When Jesus says, “Peace be with you,” He does not ignore suffering. He does not pretend that the Cross never happened. Instead, He reveals His wounds, showing us that true peace is not the absence of pain, but the presence of Christ within it.
This is a message we all need. Each of us carries wounds in our lives. Some are physical, but many are spiritual or emotional:
the loss of someone we love
the weight of past mistakes
strained relationships
disappointments and struggles we carry quietly
Often, our instinct is to hide these wounds, to move past them, ignore them, or keep them buried. But the Gospel invites us to do something very different. It invites us to bring our wounds to the Risen Lord, Jesus himself.
The Risen Lord does not stand at a distance from our pain. He enters into it. He meets us there. And when He does, something begins to change. The wound may still be present, but it is no longer empty. It becomes a place of grace, healing, and even peace.
The disciples experienced this transformation. They moved from fear in the upper room to joy, not because their past had been erased, but because Christ was alive and present with them in the midst of it all.
The same is true for us. Whatever we carry today, however heavy or hidden it may be, Christ comes to us and speaks the same words: “Peace be with you.”

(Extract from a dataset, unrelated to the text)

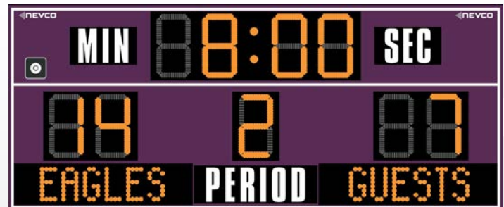
SHOWN WITH OPTIONAL ELECTRONIC TEAM NAMES

As we continue through this Easter season, I invite you to reflect on where you may need to experience that peace more deeply. Do not be afraid to bring your wounds to the Risen Lord, in prayer, in the Eucharist, and especially in the Sacrament of Reconciliation.
It is there that we discover a beautiful truth: what once seemed broken can, by God’s grace, become something transformed. Nothing in our lives is beyond His healing. Nothing is beyond His mercy. Nothing is beyond His peace.
May the Risen Christ meet you where you are and fill your heart with His peace.
Be assured of my prayers for you and your families during this blessed Easter season.